The Vagabonds had been rattling around homeless a couple of years after moving out of the Congress Hotel. Then Johnson brought them once again to Fells Point.
"We wanted to do Tennessee Williams' "Small Craft Warning," he says. "And I thought there must be an empty bar in Fells Point we can do this play in."
He found Corral's Bar, legendary locally as one of the earliest and best-known Spanish restaurants in Fells Point. "We moved in and never moved out," he says.
The expressway project that threatened Fells Point had been defeated and properties owned by the city were made available to owners and squatters.

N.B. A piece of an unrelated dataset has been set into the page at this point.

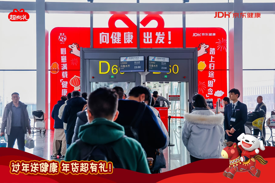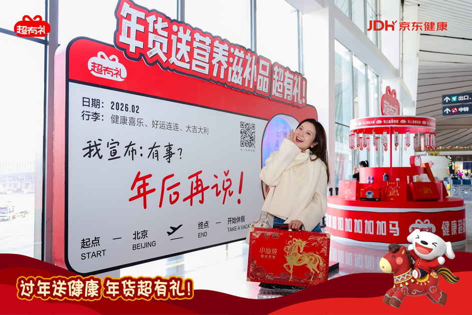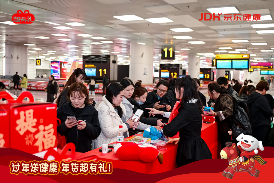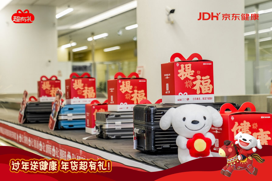 京東旅行攜手京東健康“超有禮”IP在此次年貨節(jié)中,通過全鏈路航空場景營銷實現(xiàn)了品牌與用戶的深度互動,圍繞“機場快閃—主題登機口—主題航班—行李傳送帶驚喜事件”構(gòu)建貫穿出行始終的品牌體驗閉環(huán),以創(chuàng)新的事件組合與場景融入,將健康關(guān)懷自然嵌入用戶春運旅程。這一策略高度適配春節(jié)出行場景,不僅精準觸達返鄉(xiāng)、探親、商旅等多類用戶群體,更通過具象化的健康禮品派發(fā)、溫情驚喜體驗等,持續(xù)強化“春節(jié)送健康禮”的消費心智,成功將健康禮贈塑造為新年問候的情感載體與品質(zhì)之選。

"The minimum bid was $25,000," Johnson recalls. "The Corral family wasn't interested. We offered $25,005 and bought it."
They tore everything out, excavated about six feet where a seamen's hotel had been and redid the whole building into a handsome theater space. As Vagabond president, Johnson became the general contractor, more or less by default.
"I had to drag the company kicking and screaming down here," he says. "Fells Point was not a place ladies came."

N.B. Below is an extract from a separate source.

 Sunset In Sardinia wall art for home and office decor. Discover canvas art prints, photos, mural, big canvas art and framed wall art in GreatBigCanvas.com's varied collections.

And the Vagabond Players was a very social theater in the old days when Mrs. Helen A.F. Penniman held afternoon teas in the Congress Hotel. A grande dame of the little theater, she led the Vagabonds for 40 years, the other long-running president before Johnson.
"Mrs. Penniman would never have come down here," Johnson says. "Believe me!"
Johnson is an oddly typical old-time amiable Baltimorean with old-time Baltimore idiosyncrasies. He grew up in Hamilton where he lived fifty years in the same big old house. He has never owned a car and he doesn't have a driver's license. He's not married. He doesn't have any children. And he was very good to his parents.
"I'd leave rehearsals every day to go home and make dinner for my parents," he says.
He served three years in the Army during the Korean War. He learned Mandarin Chinese at the Army Language School in Monterey, Calif., which he loved. He helped interrogate POWs in Korea. He can still rattle off a bit of Chinese. He worked for the gas company and part-time at Hutzler Bros. department store for 34 years and he taught for 28 years in the same room at Parkville Junior High School.
"At Parkville I did 25 original musicals for teen-agers, with Fred King, from the Chorus of the Chesapeake, the music teacher," he says. "'The Surfing Princess,"Tars and Stripes Forever,' 'Up, Up and Away.'
"They were legendary," he says. "You couldn't buy a ticket...People came from as far away as New Jersey."
Johnson's life in the theater has been entirely voluntary. He has never been paid and he has done pretty nearly everything there is to do. When he announced his retirement this summer, the Vagabonds immediately had to hire three people to take his place: a set director to build sets, a building manager and a cleaning person.